### WHAT YOU NEED TO DO
Repeat the data exactly, leaving out any image.

### DATASET SECTION
*** Block opens ***
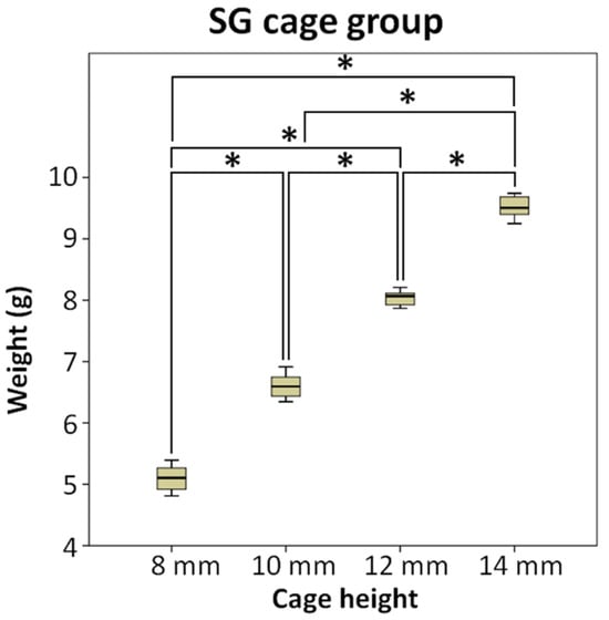 In the SG cage group, as each set of data represents an independent event, and the independent events exhibit a normal distribution with homogeneity of variance, an ANOVA test was performed. If the null hypothesis was rejected, an LSD post-hoc test was used to determine the mean value comparisons between each subgroup. Significant differences (p < 0.5) were observed between each subgroup using ANOVA and LSD post hoc tests.
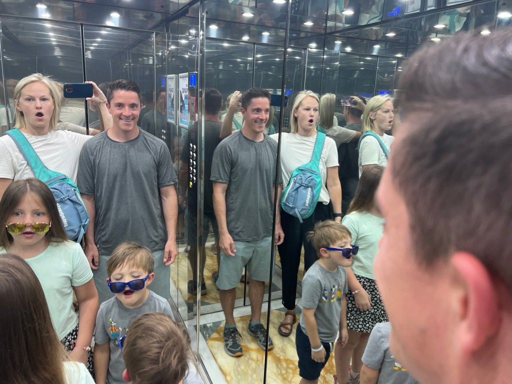 - Find fun in the small moments: One of the biggest differences about traveling with kids, is feeling like you have to keep them entertained. This can feel exhausting. Especially if the kids feel like the trip is more geared towards what the adults want to do, you will hear the “I am not having any fun” or “this is boring.” This can especially be true if you are trying to take family pictures and they don’t want to smile. We have learned to try to make fun out of the smallest of moments. When we were on a safari and had to wait to change a tire, we had the kids jump over a ditch and took “action” videos of them. In Italy, the hotel we stayed at had a cool elevator with mirrors all over it and we took funny photos in the elevator. Or my daughter’s favorite, when she was grumpy and wouldn’t take a picture in front of a historic site, I offered to do a Tik Tok dance video with her and that cheered her right up. Draw your inner kid and find something enjoyable in those mundane moments.
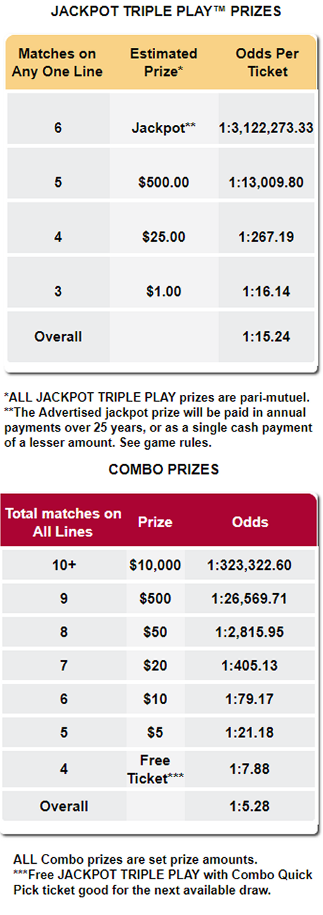 Jackpot Triple Play Prizes and Odds
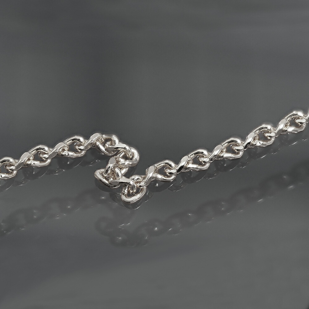 貴金属製チェーンについて チェーン(鎖)は、元々は1本の線材(針金状の材料)から作られているものが多く、一般的なチェーンの製造工程は、先ずその線材を適切な長さにカットし、それを曲げて輪にした後、輪の口を溶接して閉じます。そして次に作る輪は最初に作った輪に通しながら曲げて輪にし、やはり溶接で口を閉じます。この工程を繰り返す事によってアクセサリーとして十分な強度を持ったチェーンとなります。当店の貴金属チェーン製品の多くは、チェーンの先端の留め具付近に丸環と呼ばれる丸い輪のパーツが使用されておりますが、そのパーツの口も溶接で閉じられている為、大きな力が掛からない限りは切れにくい仕様となっております。しかしながら、細いチェーンに関しましてはその性質上、お取り扱いに十分ご注意下さい(貴金属は柔らかい金属です)。 ※溶接とは、金属同士を接合させる方法で、放電の際の熱を利用した電気溶接や、ガスバーナーを使ったロウ付け(ろう付け)が良く知られています。 |
*** Block closes ***
### FINISHED EXERCISE
 In the SG cage group, as each set of data represents an independent event, and the independent events exhibit a normal distribution with homogeneity of variance, an ANOVA test was performed. If the null hypothesis was rejected, an LSD post-hoc test was used to determine the mean value comparisons between each subgroup. Significant differences (p < 0.5) were observed between each subgroup using ANOVA and LSD post hoc tests.
 - Find fun in the small moments: One of the biggest differences about traveling with kids, is feeling like you have to keep them entertained. This can feel exhausting. Especially if the kids feel like the trip is more geared towards what the adults want to do, you will hear the “I am not having any fun” or “this is boring.” This can especially be true if you are trying to take family pictures and they don’t want to smile. We have learned to try to make fun out of the smallest of moments. When we were on a safari and had to wait to change a tire, we had the kids jump over a ditch and took “action” videos of them. In Italy, the hotel we stayed at had a cool elevator with mirrors all over it and we took funny photos in the elevator. Or my daughter’s favorite, when she was grumpy and wouldn’t take a picture in front of a historic site, I offered to do a Tik Tok dance video with her and that cheered her right up. Draw your inner kid and find something enjoyable in those mundane moments.
 Jackpot Triple Play Prizes and Odds
 貴金属製チェーンについて チェーン(鎖)は、元々は1本の線材(針金状の材料)から作られているものが多く、一般的なチェーンの製造工程は、先ずその線材を適切な長さにカットし、それを曲げて輪にした後、輪の口を溶接して閉じます。そして次に作る輪は最初に作った輪に通しながら曲げて輪にし、やはり溶接で口を閉じます。この工程を繰り返す事によってアクセサリーとして十分な強度を持ったチェーンとなります。当店の貴金属チェーン製品の多くは、チェーンの先端の留め具付近に丸環と呼ばれる丸い輪のパーツが使用されておりますが、そのパーツの口も溶接で閉じられている為、大きな力が掛からない限りは切れにくい仕様となっております。しかしながら、細いチェーンに関しましてはその性質上、お取り扱いに十分ご注意下さい(貴金属は柔らかい金属です)。 ※溶接とは、金属同士を接合させる方法で、放電の際の熱を利用した電気溶接や、ガスバーナーを使ったロウ付け(ろう付け)が良く知られています。 |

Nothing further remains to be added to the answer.